We know that there is a man and a boy walking along an empty road covered in ash. There is a small valley with a still, grey river lined with dead reeds. The country is barren and grey, there are not many people (at least not friendly), and there is danger of some kind. This state of dreariness and lack of life is contrasted by the fact that there is a man and a boy living in it. Without them, there is really no hope left and nothing can change. Their presence, and most specifically their journey, is what will show the reader what happened, what is happening, and what will happen.
There are a couple of specific hints that let us know that there might be danger lurking, such as the fact that they are ready to ‘make a run for it’, that the river is ‘serpentine’, that the light is ‘gunmetal’, that they are alone but wary of others, and that they are walking over ash. The ‘gunmetal light’ is what gives me the strongest sense of danger; I immediately relate ‘gun’ to danger, coldness, and death.

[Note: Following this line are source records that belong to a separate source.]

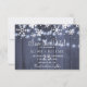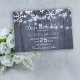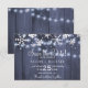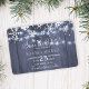 Chicens moderna vinterbröllop sparar datumkortsmallen med vitt snöflingor och hängande tvillinkle ljus på mörk blått grått-linnans träbakgrund. Perfekt för en rustig elegant i land vinter | säsong under det område som utlöstes av bröllop.
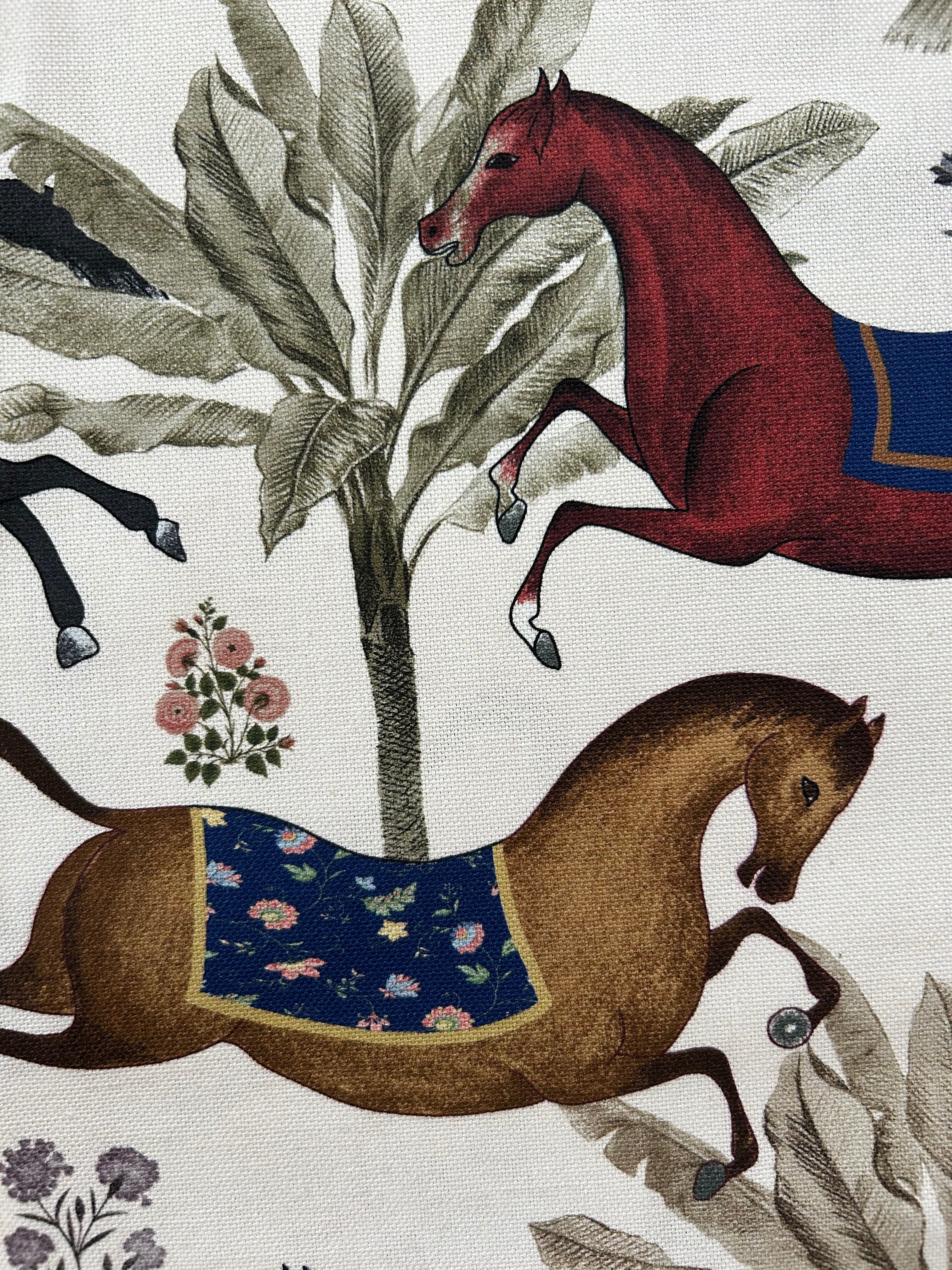 スペイン製 ファブリック ARABIAN コットン 馬柄 ホース柄 ホワイト 白 カルトナージュ 茶箱
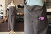薄地の高級リネンで軽やかに着用いただけるロングタイプのフルエプロン。 深い黒でも上質な亜麻の自然な光沢とやわらかさのおかげです。 右後ろに携帯が入る小さなポケット付き。ユニセックスで着用いただけます。
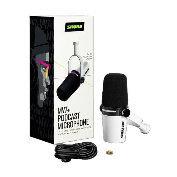 - ميكروفون MV7+ باللون الأبيض
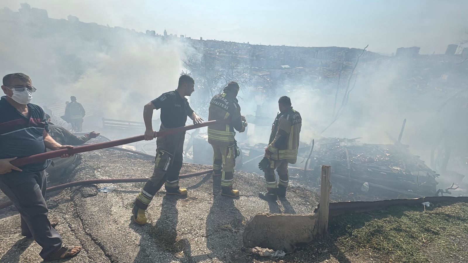 Rüzgarın etkisiyle büyüyen alevler, kısa sürede çevredeki gecekondulara sıçradı.
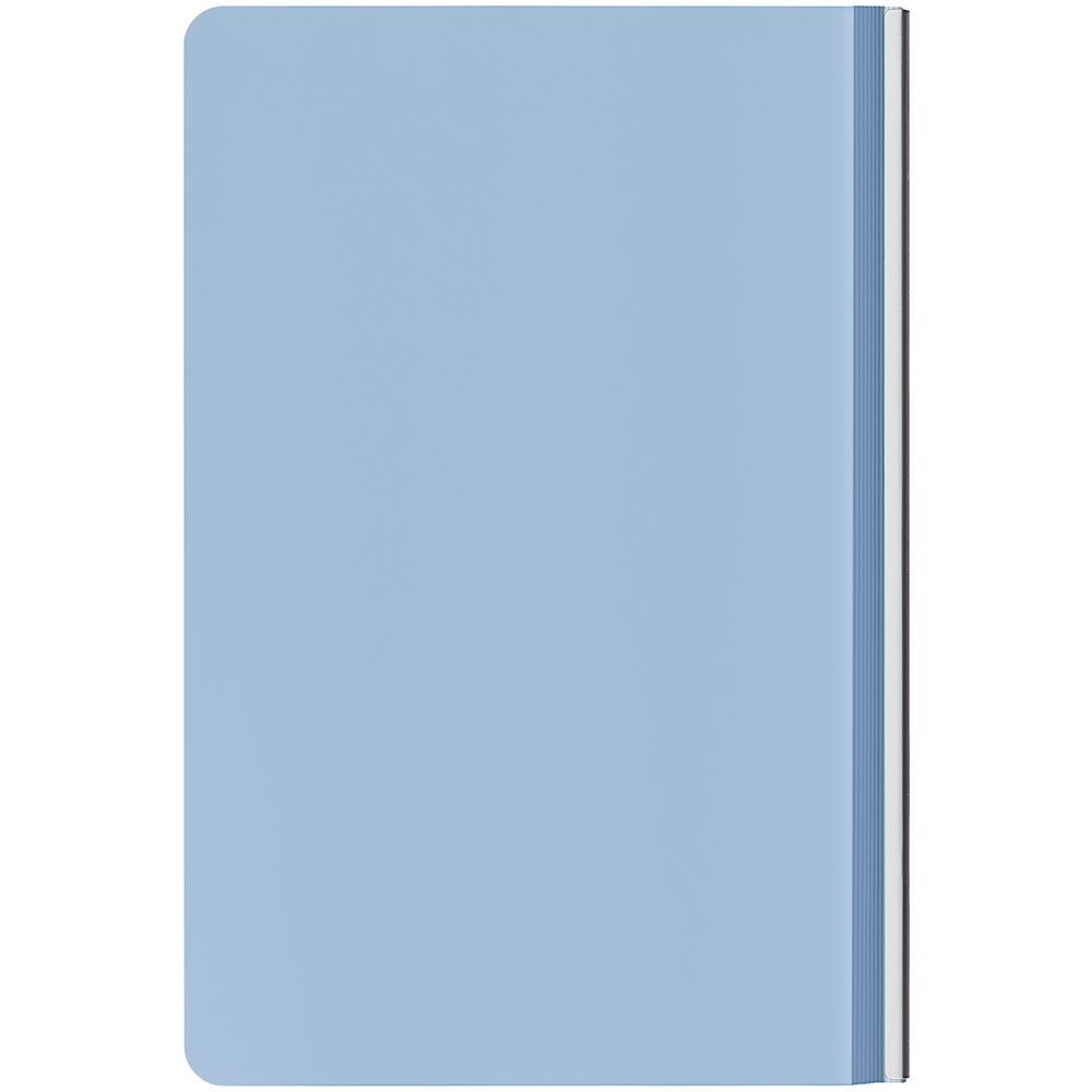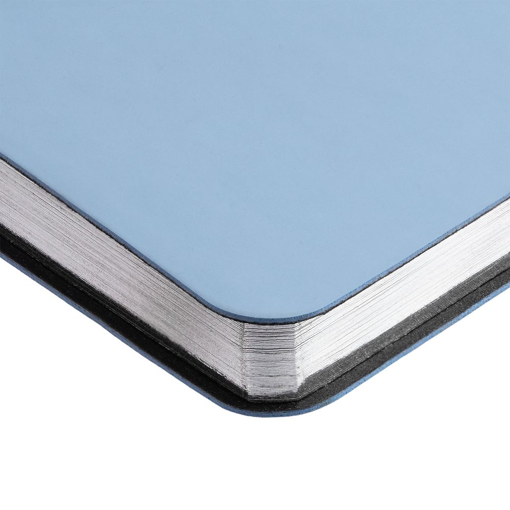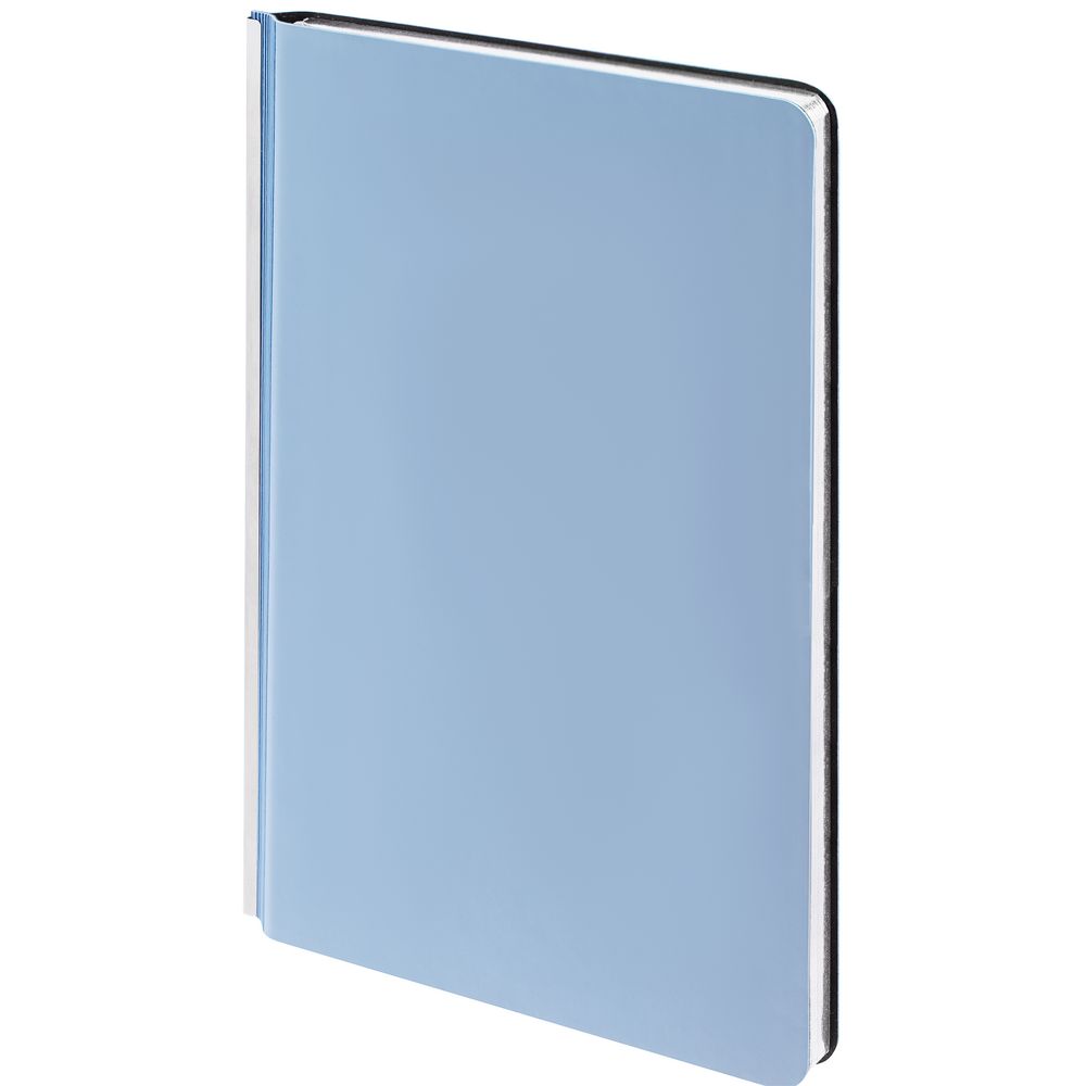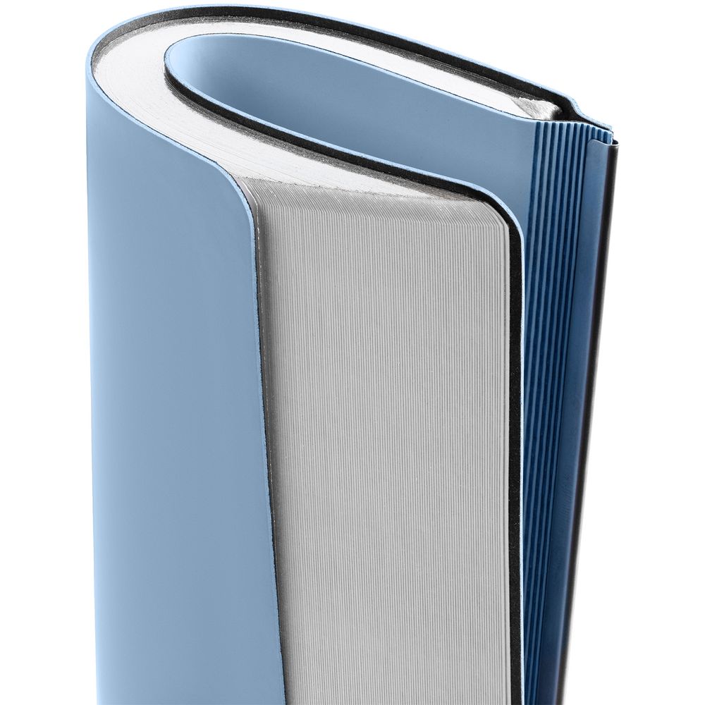 Ежедневник с гибкой обложкой и металлическим корешком, выполнен из материала Soft Touch, голубой JJ, дополнен серебристым обрезом блока и ляссе.

‘Serpentine’ might be referring to several things, including something that twists and turns like a snake, something that is cunning or treacherous, and/or to the biblical references of the serpent. In the Bible, the serpent is a synonym for treachery, evil power, and immorality and is even used as a name for Satan. By using biblical imagery, McCarthy emphasises even more the presence of an apocalypse and the end of humanity. Religious imagery and symbolism is very strong and so will strengthen the elements of the story, while probably also giving more room for interpretation to the reader. If there are obvious religious references in the story, then the reader might be more inclined to read between the lines and find less obvious examples and metaphors.
• Poetic devices
The metaphors in the excerpt play a great part in creating imagery and a certain mood; ‘the still grey serpentine of a river’, ‘a burden of dead reeds’, ‘in the gunmetal light’, ‘each the other’s world entire’. The first three examples help describe the coldness, stillness, and emptiness of their surroundings. There is no doubt that this is a world filled with death rather than life. The last example shows us just how important these two characters are to each other and how, in fact, their company is all they really have left.

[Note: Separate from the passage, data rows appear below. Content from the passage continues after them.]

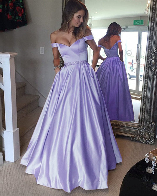 Ball Gown Prom Dresses Beaded Sashes Off The Shoulder
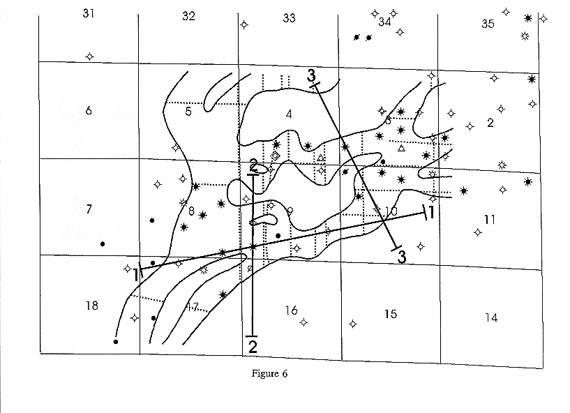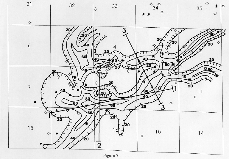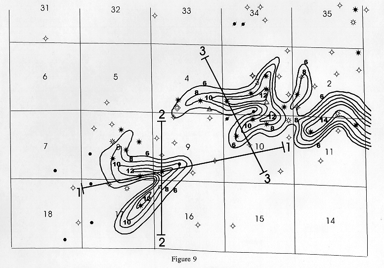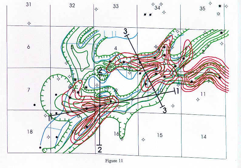 Figure 11. Combined maps of seismic channel anomaly(blue),Morrow to Mississippian isopach (green), and gross sand isopach (red) in Figures
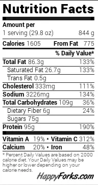 This recipe serves approximately 8 people. Each serving has about 450 calories, mainly from protein and sugars. It’s hearty but can be balanced with a side of fresh veggies or a salad for a complete meal.
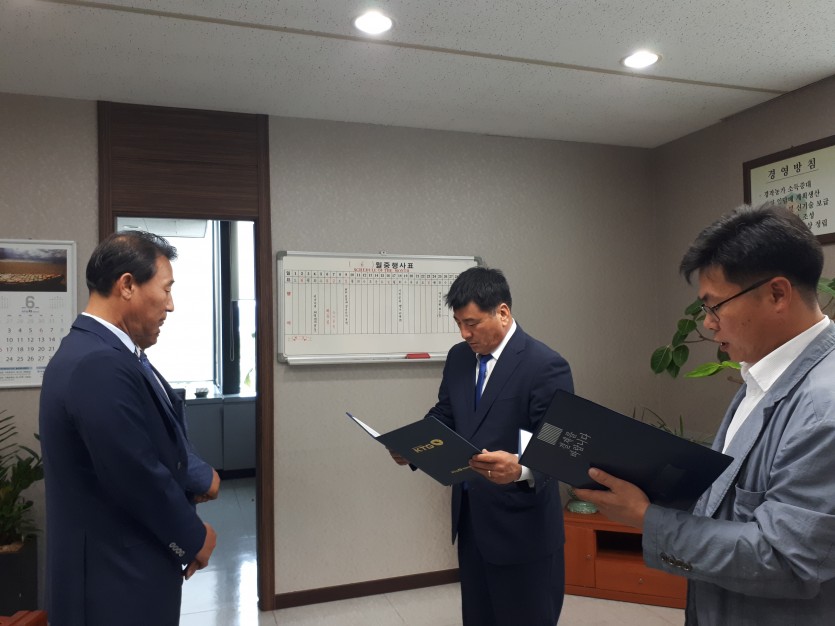 임용장 수여 작성일2019-06-28 본문 2019. 6. 27. 중앙회 회장실에서 조합 전무이사 및 출자회사 임용장 수여식이 있었다. 이번 인사발령에서 신명진 출자회사 사장은 중앙조합 전무이사로, 중앙조합 이반구 전무이사는 출자회사 사장으로 임용되었으며, 북부조합 박재철 전무이사는 재임되었다. 이전글 다음글 목록

There are also some cases of consonance (‘below in the little valley the still…’, ‘motionless and precise’, ‘burden of dead reeds’, ‘shuffling through the ash‘), repetition (road, knapsacks, cart), alliteration (‘motorcycle mirror’, ‘clamped…cart..chrome…country’) and rhythm created by pauses (‘…still grey serpentine of a river. Motionless and precise.’, ‘Are you okay? He said. The boy nodded.’). These all help create a balance between poetry and prose in the passage, giving imagery and rhythm to an otherwise precise and stark description.

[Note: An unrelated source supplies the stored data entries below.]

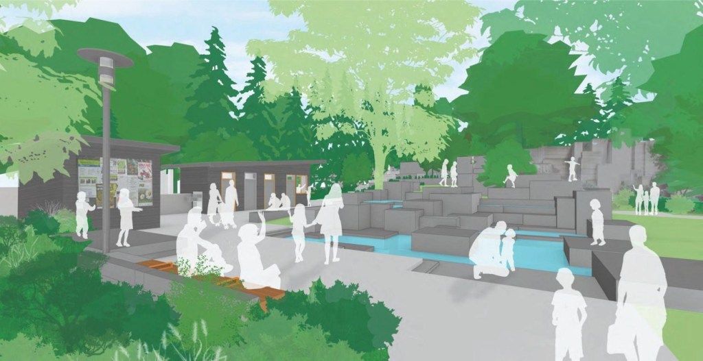 - A new public restroom, storage, and concierge building at the park’s main open space in Seneca Plaza
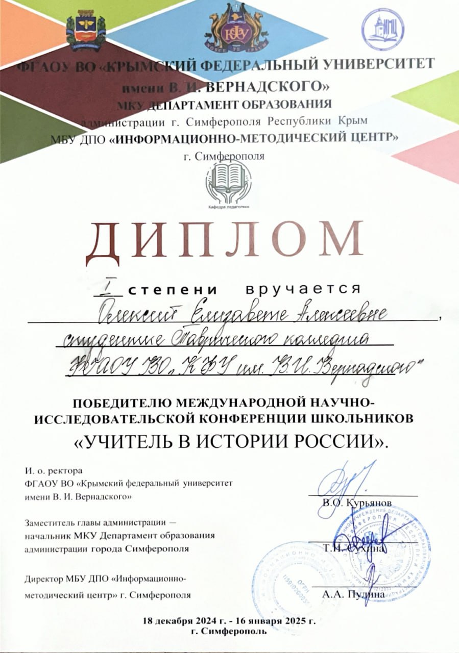- I место в Международной научно-исследовательской конференции «Учитель в истории России», проведя доскональный анализ истории развития колледжа;
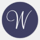 Sticker Rond Monogramme W, blanc sur bleu marine,
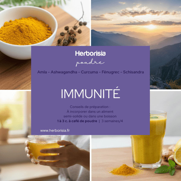 Notre synergie Immunité en version poudre est un mélange unique de plantes soigneusement sélectionnées pour booster et fortifier votre système immunitaire de manière naturelle. Composé d'ingrédients reconnus pour leurs propriétés stimulantes et antioxydantes, ce mélange contribue à protéger votre organisme des agressions extérieures et favorise une sensation de bien-être général.
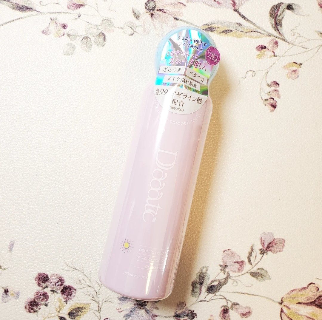 ころんとしたデザインがとても可愛いです。 メイク前に使うローションです。まろやかなとろみのあるローション。みずみずしく伸び広がり、すっと肌になじんでくれます。 メイクノリと化粧崩れに着目したプレメイク発想のスキンケア『Daaate(デイト)』。 Daaateプレメイクスムースローションは純度99%のピュアアゼライン酸配合で気になる肌悩みにアプローチ!

• Stylistic language and prose
I notice that he creates a strange rhythm by making pauses where perhaps the reader doesn’t expect them. For example, in describing the river (‘…still grey serpentine of a river. Motionless and precise.’) he places the adjectives after the period. The first time I read the passage, I was a bit surprised at the abruptness of this sentence. After reading the whole passage a few times, I noticed that all of the sentences are short and precise and, except for the last sentence, don’t make use of commas. Rather than using excessive adjectives and details, he uses short and strong descriptions that go straight to the point. Even the only piece of dialogue (‘Are you okay? He said. The boy nodded.’) feels blunt.
This helps create a language and mood of coldness and starkness that serves as a reflection to what the story is about. Even from this short passage it is clear that this is a dark and cheerless story. A more colourful and flowing prose might not help deliver the right message and would instead be painting a more hopeful and romantic image. We are given almost the minimum of details and emotion necessary to understand the story, so everything feels tense and brisk.
• How does it all make you feel?
This passage is very depressing and suspenseful, thus making me feel both sad and anxious to know what is happening. The anonymity of the characters makes me want to find out more about them. I will definitely be reading this book soon.